Designer Ashlynn Park is Bringing Craftsmanship Back, One Stitch at a Time
Piece by piece, detail by detail, Ashlynn Park builds her brand.
Usually, it would be bad form to send a piece of clothing down the runway unfinished. But the process of designing a piece of clothing isn’t fully revealed just from looking at the finished form. Sometimes, it takes stripping things down to their most basic to showcase exactly what makes something special.
And that’s exactly what Ashlynn Park, founder and creative director of Ashlyn, decided to do for her Fall/Winter 2023 presentation. In Cristina Grajales Gallery, on the border of SoHo and Tribeca in New York, Park made the unusual choice to become part of her own show, creating a toile for one of the collection’s skirts. The live demonstration, with Park skillfully wielding scissors in front of an audience, may be a nightmare for some designers (who can be notoriously shy), but for Park, it was a chance to show off the level of craftsmanship that bolsters each of her creations.
“Ashlyn is about my design process and pattern-making skills,” she says. “What better way to highlight this than by creating something live in front of the audience to show how I design?”
Park’s clothing is both sharply tailored and softly romantic. She is able to marry meticulous attention to detail with delicate draping, finding ways to take traditional wardrobe staples—a little black dress or a leather jacket—and reinvent them. Pieces hug the body and feature plunging necklines and high slits, but, with Park drawing inspiration from 16th-century fashion or her childhood school uniforms, her pieces are more idiosyncratic than your usual ready-to-wear.
Take the Dillan dress, which can be worn with long or short sleeves, and is cut from a single piece of fabric, resulting in zero waste. The Metropolitan Museum of Art purchased the first iteration of the design, which debuted in Fall/Winter 2021, to become part of its permanent collection.
“I wanted Ashlyn to be recognized for its mastery of modern tailoring and pattern design, uncompromising quality, and a studio philosophy that counters waste due to the industry’s tendency toward overproduction and a consumer pattern of overconsumption.” Though Park may not yet be a household name, the recognition is quietly swelling; in 2022, the designer was a finalist for the prestigious LVMH Prize.
Park spent two years crafting her first collection, which debuted in February 2021. She began by perfecting a single jacket, and then another, and another, methodically working her way through until she had developed a full range of bustled dresses and backward blazers. During the Covid-19 pandemic, she explains, “having this focused time spent at home allowed me to create the collection.”
Though it’s not unusual today for creative directors to be largely removed from the actual execution of their designs, Park’s work has always been rooted in the construction itself. It wasn’t until last year that Park expanded her team of one to include an assistant pattern maker and sewer. Her first collections were researched, designed, executed, and marketed solo.
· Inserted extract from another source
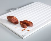 Белая – для готовых продуктов (благодаря своему рельефу остатки от нарезки останутся на доске)

Park’s background is one built around the technical side of fashion. Her attention to detail and interest in shape stems from her undergraduate time at Ewha Womans University in Seoul. Though she initially majored in architecture, her hand sketching caught the eye of a professor, who motivated her to change her major to fashion design. She then earned her master’s in fashion design from Bunka Fashion College in Tokyo and began her career working for Yohji Yamamoto.
It was under Yamamoto that Park began to develop her signature aesthetic, working her way up through sewing, patterns, and, eventually, design. She’s acute in her attention to detail, perfecting the interior construction of every garment, knowing that how it’s built on the inside is what makes it so remarkable to the eye.
Park is acute in her attention to detail, perfecting the interior construction of every garment.
Park explains that Yamamoto also helped instill a sense of responsibility as a designer, which has led to her use of deadstock fabrics and forays into zero-waste creations. “He fostered a sense of pride and commitment to quality that counters overproduction and overconsumption.”
In 2011, she left Tokyo for New York, where she worked as a pattern maker for Alexander Wang, producing custom pieces for Beyoncé and Rihanna, followed by a stint at Nili Lotan, and then at Calvin Klein under Raf Simons. “I have always had a competitive spirit and push myself continually,” she says.
And so, in 2019 Park launched Ashlyn, marrying tailoring reminiscent of Midtown Manhattan corporate dressers and more dramatic draping, a melding of Eastern and Western aesthetics. “I think this is part of my aesthetic sensibility,” she says. “Finding the right balance is something that is intuitive to me.”
Now that she’s working on her own vision, she’s able to reframe her design approach on her own terms. Her commitment to sustainability has become a pillar of her work, making pieces to order with bespoke tailoring, and even working on a full zero-waste capsule using a single piece of fabric. Park is a perfectionist in her technical work, and in her commitment to creating a brand.
With her foray into the front-of-house—showcasing her draping, trimming, and tailoring—now behind her, the designer is back to nipping and tucking behind the scenes. Park is now able to make more than a single piece at a time, but she’s not the type of creative director to sign off on anything with just a glance. Her fingers touch every inch of her work.